Carlos Alberto “Indio” Solari, histórico líder de Patricio Rey y sus Redonditos de Ricota y una de las voces más emblemáticas de la música argentina, murió este viernes a los 77 años. El artista falleció en su casa de Parque Leloir tras varios años conviviendo con la enfermedad de Parkinson, diagnóstico que había hecho público en 2016 y que lo había alejado progresivamente de los escenarios.
La noticia provocó una inmediata conmoción en el mundo de la cultura y entre millones de seguidores que durante décadas construyeron alrededor de su figura uno de los fenómenos más singulares de la historia del rock nacional. Desde la separación de Los Redondos en 2001 hasta su etapa al frente de Los Fundamentalistas del Aire Acondicionado, Solari mantuvo una convocatoria masiva y una influencia artística que trascendió generaciones.

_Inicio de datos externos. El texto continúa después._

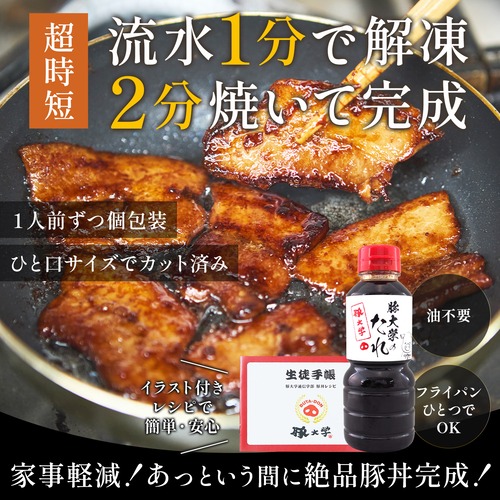 秘伝のたれ漬け豚バラ肉1人前×3/豚大学自家製チャーシュー(450g)×1(豚大学のたれ×1)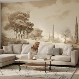 Vintage Landscape Wallpaper, Sepia Etching Wall Mural, French Country Wall Decor, Neutral Tree Peel and Stick, Antique Scenic Bedroom Mural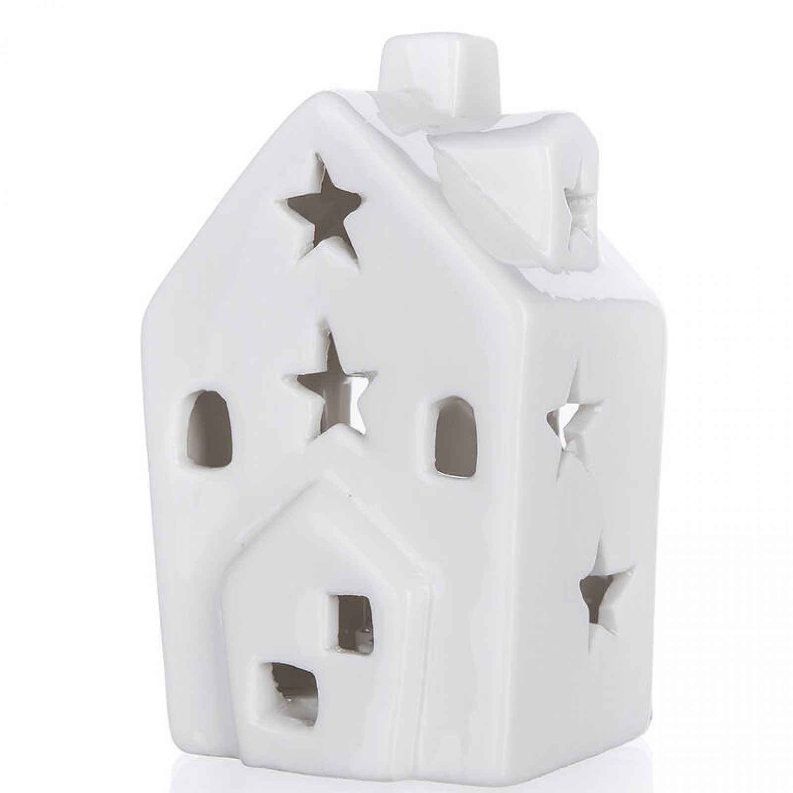 Svíticí dekorace pro sváteční pohodu Svítící dekorace v podobě domečku s LED bílým světlem je to pravé doplnění vaší sváteční pohody. Domeček je vyroben z bílého porcelánu a hodí se do každého interiéru. Mihotavé světlo napodobuje světlo hořící svíčky a vytváří příjemnou atmosféru. Obsahuje baterie a LED žárovku. Materiál: porcelán Rozměry: v. 10 x š. 6 x d. 6 cm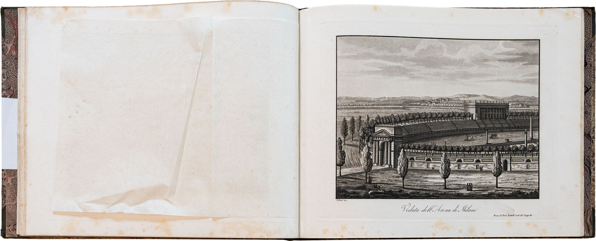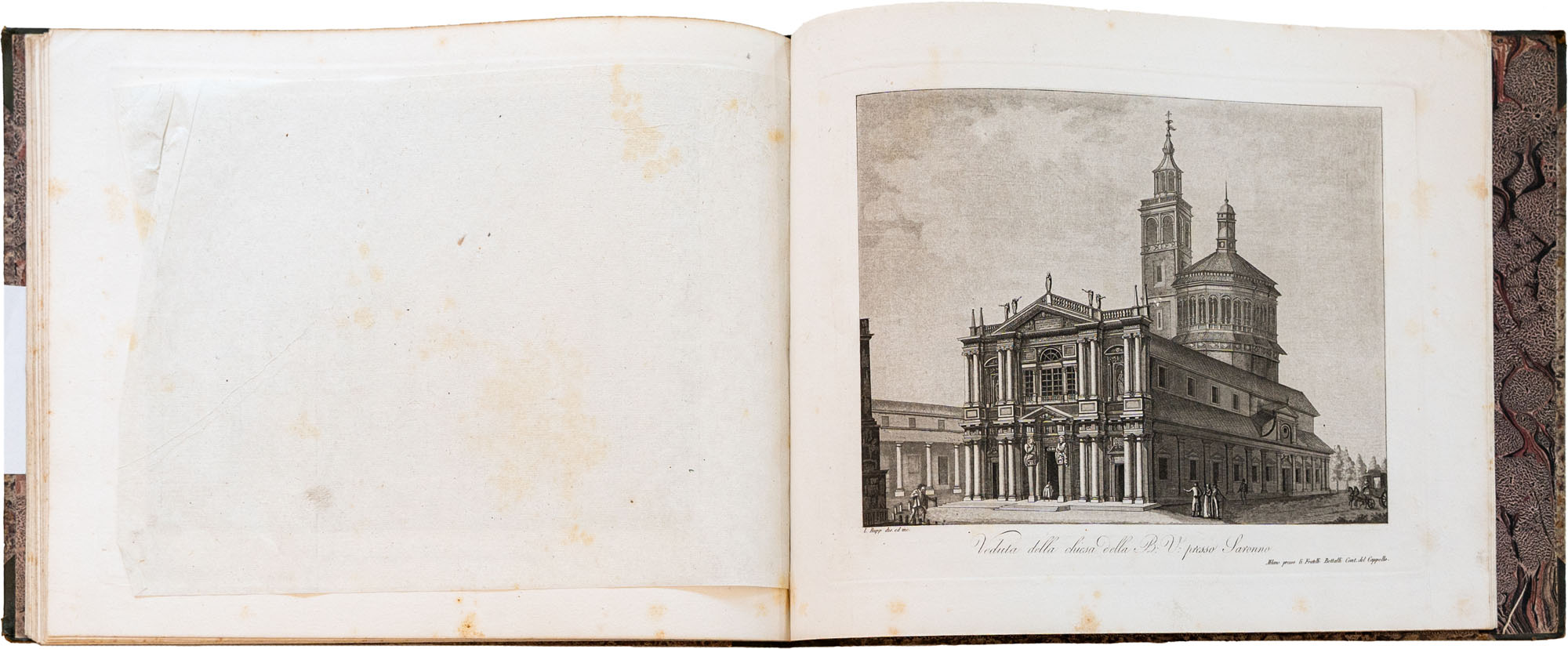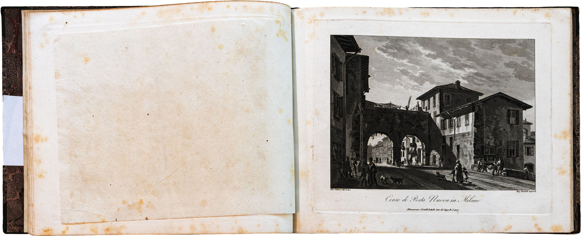 Raccolta di 20 vedutePrimi decenni 19 ° secoloAcquaforte-acquatinta, di monumenti di città di cui: 13 di Milano, autori Bussi, Cattaneo; Angeli, Biasioli - 1 di Pavia, - 1 di Monza - 1 di Como, Bussi e Landini - 1 di Rho, Rupp e Landini - 1 di Saronno, Rupp - 1 di Genova, Garibbo e Landini e 1 di Roma, Bussi.Presso Fratelli Bettalli Milano, Legatura coeva in cartonatoDimensioni cm.27 x 21,5Condizioni ottime

Nacido en Paraná en 1949 y criado en La Plata, fundó junto a Skay Beilinson la banda Patricio Rey y sus Redonditos de Ricota a mediados de los años 70. Con discos como Oktubre, Un baión para el ojo idiota, Bang! Bang! y Luzbelito, el grupo se convirtió en un símbolo de independencia artística y en uno de los proyectos más influyentes del rock latinoamericano.
Tras la disolución de Los Redondos, inició una exitosa carrera solista acompañado por Los Fundamentalistas del Aire Acondicionado. Sus recitales batieron récords de convocatoria y consolidaron una mística única dentro de la música argentina. Su última presentación en vivo fue en Olavarría, en 2017, un show multitudinario que marcó el final de su actividad sobre los escenarios.
Más allá de la música, Solari construyó una figura casi legendaria. Reservado frente a los medios, reacio a la exposición pública y dueño de una poética cargada de simbolismos, logró convertirse en un referente cultural cuya influencia se extendió al arte, la literatura y la política. En los últimos años mantuvo apariciones esporádicas y mensajes dirigidos a sus seguidores, mientras continuaba trabajando desde su estudio personal.
Su muerte cierra un capítulo fundamental de la historia del rock argentino. Desde artistas, dirigentes políticos y figuras de la cultura hasta miles de fanáticos, las redes sociales comenzaron a llenarse de mensajes de despedida para quien fue, durante más de cuatro décadas, una de las voces más influyentes y convocantes de la música nacional.